\def\ac#1{#1}
\def\ap#1{}
\def\iput#1{}
\def\icopy#1{#1}
\input amstex
%\undefine\eth
\documentstyle{amsppt}
\pageheight{8.75truein}
\pagewidth{6.5truein}
\NoBlackBoxes
\loadbold
\head{NOTE 157}\endhead A proof that form 133 implies form 340.
(This proof is due to Eric Hall.)
Form 133 is the statement: Every set that cannot be well ordered
has an amorphous subset. (This is inf 2 in Rubin/Rubin [1985] where
it is shown that inf 2 is equivalent to AC in ZF, but not in ZF$^0$.)

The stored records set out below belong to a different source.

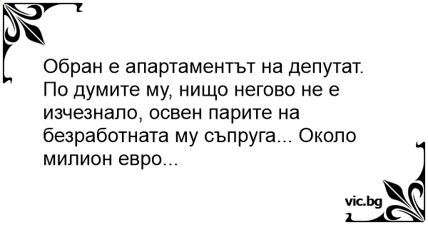 Обран е апартаментът на депутат. По думите му, нищо негово не е изчезнало, освен парите на безработната му съпруга... Около милион евро...
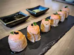 🍣 Aburi Salmon Roll – flame-seared salmon roll topped with mayo sauce, mentaiko, and tobiko, perfectly completing the flavor.
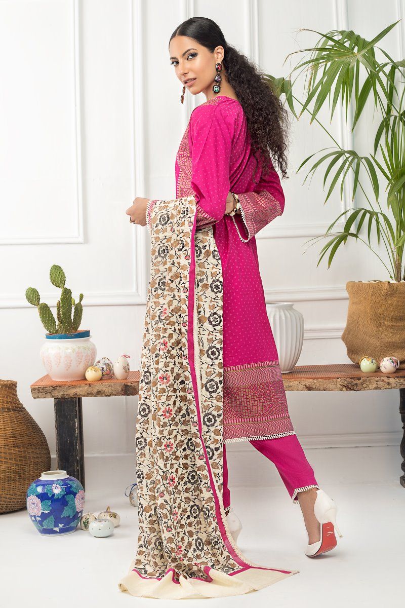 Fabric: Gold & Lacquer Printed Lawn Dupatta – 2.5 meters Lacquer Printed Cambric Shirt with Embroidered Neckline on Organza – 1.75 meters Dyed Cambric Trouser – 2.5 meters |
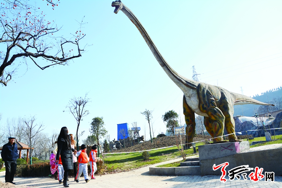 12月9日上午,一些市民领着孩子在甘肃工业职业技术学院地质园参观游玩,该地质园内各种栩栩如生的恐龙模型吸引了大家的目光。

Form 133 is true in $\Cal N1$, $\Cal N24$, $\Cal N24(n)$,
and $\Cal N26$. Form 340 is: Every Lindel\"of metric space is
separable. We shall show that 133 implies 340.
\demo{proof} Suppose $X$ with the metric $d$ is a Lindel\"of
metric space. We shall prove, assuming form 133, that $X$ is
separable. First we shall show:
\proclaim{Lemma 1} If $M$ is an amorphous subset of $X$,
then the range of $d/M\times M\ (= d[M\times M]$), is finite.
\endproclaim
\demo{Proof} For each $m\in M$, $d[{m}\times M]$ is finite
because $M$ is amorphous. Thus,
$$d[M\times M] =\bigcup_{m\in M}d[{m}\times M]$$
is a finite union of finite sets, so it is finite\enddemo
\proclaim{Lemma 2} If $X$ has an amorphous subset then $X$
is not Lindel\"of. \endproclaim
\demo{Proof} Let $M$ be an amorphous subset of $X$ and let
$S = {d(a,b): a,b\in M}$. By Lemma 1, $S$ is a finite set
and it is clearly non-empty because $M$ is infinite. Choose
a positive $\epsilon$ which is less than $\frac12$ of the
minimum number in $S$. It follows from Lemma 1 that $\epsilon$
exists.
Let $B(\epsilon,m)$, where $m\in M$, be an open neighborhood
about $m$ with radius $\epsilon$. Then
$${B(\epsilon, m): m\in M}\cup {X \setminus \overline{M}}$$
is an infinite open cover with no countable subcover, Thus,
$X$ is not Lindel\"of.\enddemo
It follows from Lemma 2 and 133 that $X$ can be well ordered.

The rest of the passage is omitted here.